The Company had an allowance for doubtful accounts of $78,000 at March 31, 2017 and December 31, 2016.  We make estimates of the collectability of our accounts receivable for services provided to our customers.  Management analyzes historical bad debts, customer concentrations, customer credit-worthiness, current economic trends and changes in customers’ payment trends when evaluating the adequacy of the allowance for doubtful accounts.  If the financial condition of our customers deteriorates, resulting in an impairment of their ability to make payments, additional allowances may be required.

Workers’ compensation claims liabilities

Our workers’ compensation claims liabilities do not represent an exact calculation of liability but rather management’s best estimate, utilizing actuarial expertise and projection techniques, at a given reporting date. The estimated liability for open workers’ compensation claims is based on an evaluation of information provided by our internal claims adjusters and our third-party administrators for workers’ compensation claims, coupled with an actuarial estimate of future adverse loss development with respect to reported claims and incurred but not reported claims (together, “IBNR”). At March 31, 2017 and December 31, 2016, workers’ compensation claims liabilities included case reserve estimates for reported losses, plus additional amounts for estimated IBNR claims, MCC and legal costs, and unallocated loss adjustment expenses, including future administrative fees to be paid to third-party service providers. These estimates are reviewed at least quarterly and adjustments to estimated liabilities are reflected in current operating results as they become known.

10


 

The process of arriving at an estimate of unpaid claims and claims adjustment expense involves a high degree of judgment and is affected by both internal and external events, including changes in claims handling practices, changes in reserve estimation procedures, changes in individuals involved in the reserve estimation process, inflation, trends in the litigation and settlement of pending claims, and legislative changes.

Our estimates are based on informed judgment, derived from individual experience and expertise applied to multiple sets of data and analyses. We consider significant facts and circumstances known both at the time that loss reserves are initially established and as new facts and circumstances become known. Due to the inherent uncertainty underlying loss reserve estimates, the expenses incurred through final resolution of our liability for our workers’ compensation claims will likely vary from the related loss reserves at the reporting date. Therefore, as specific claims are paid out in the future, actual paid losses may be materially different from our current loss reserves.

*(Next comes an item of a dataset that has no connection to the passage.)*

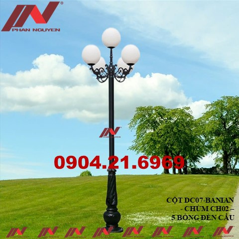 - Cột đèn sân vườn làm bằng gang như: cột dc02, dc06, dc07,...

The Company’s independent actuary provides management with an estimate of the current and long-term portions of our total workers’ compensation claims, which is an important factor in our process for estimating workers’ compensation claims liabilities. The current portion represents the independent actuary’s best estimate of payments the Company will make related to workers’ compensation claims over the ensuing twelve months.

A basic premise in most actuarial analyses is that historical data and past patterns demonstrated in the incurred and paid historical data form a reasonable basis upon which to project future outcomes, absent a material change. Significant structural changes to the available data can materially impact the reserve estimation process. To the extent a material change affecting the ultimate claim liability becomes known, such change is quantified to the extent possible through an analysis of internal Company data and, if available and when appropriate, external data. Nonetheless, actuaries exercise a considerable degree of judgment in the evaluation of these factors and the need for such actuarial judgment is more pronounced when faced with material uncertainties.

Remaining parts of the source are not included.